This study aims to present new chest AP examination exposure conditions through a study on the effect on image quality and patient dose by applying high tube voltage and scatter ray post-processing software during chest AP examination in digital radiography equipment. This study was used a human body phantom and in the chest AP position, the dosimeter was placed horizontally at the thoracic spine 6. The experiment was conducted by dividing into a low tube voltage (70 kVp, 400 mA, 3.2 mAs) group and a high tube voltage (100 kVp, 400 mA, 1.2 mAs) group. The collimation size (14″× 17″) and the source to image receptor distance(110 cm) were same applied to both groups. Radiation dose was presented to dose area product and entrance surface dose.
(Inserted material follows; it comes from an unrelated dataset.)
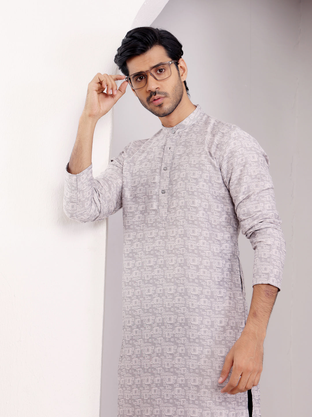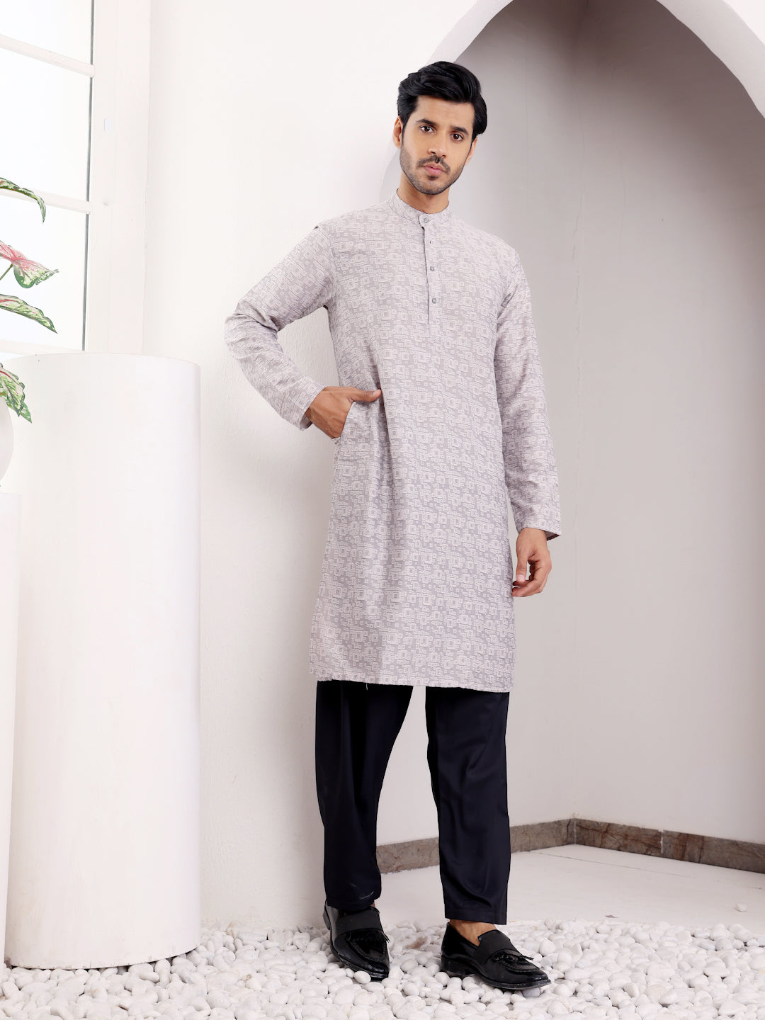 Textured Light Grey Printed Kurta for Men – Subtle Ethnic Elegance

Image quality was compared and analyzed by comparing the difference between the signal-to-noise ratio and the contrast-to-noise ratio of the image according to the application of the scatter ray post-processing software under each condition. The average value of the entrance surface dose in the low and high tube voltage conditions was 93.04±0.45 µGy and 94.25±1.51 µGy, which was slightly higher in the high tube voltage condition, but the dose area product was 0.97±0.04 µGy and 0.93±0.01 µGy. There was a statistically significant difference in the group mean value(p<0.01). In terms of image quality, the values of the signal-to-noise ratio and the contrast noise ratio were higher in the high tube voltage than in the low tube voltage, and decreased when the scattering line post-processing function was used, but the contrast resolution was improved. If there is a scatter ray post-processing function during chest AP examination, it is helpful to actively utilize it to improve the image quality. However, when this function is not available, I thought that applying a higher tube voltage state than a low tube voltage state will help to realize images with a large amount of information without changing the dose.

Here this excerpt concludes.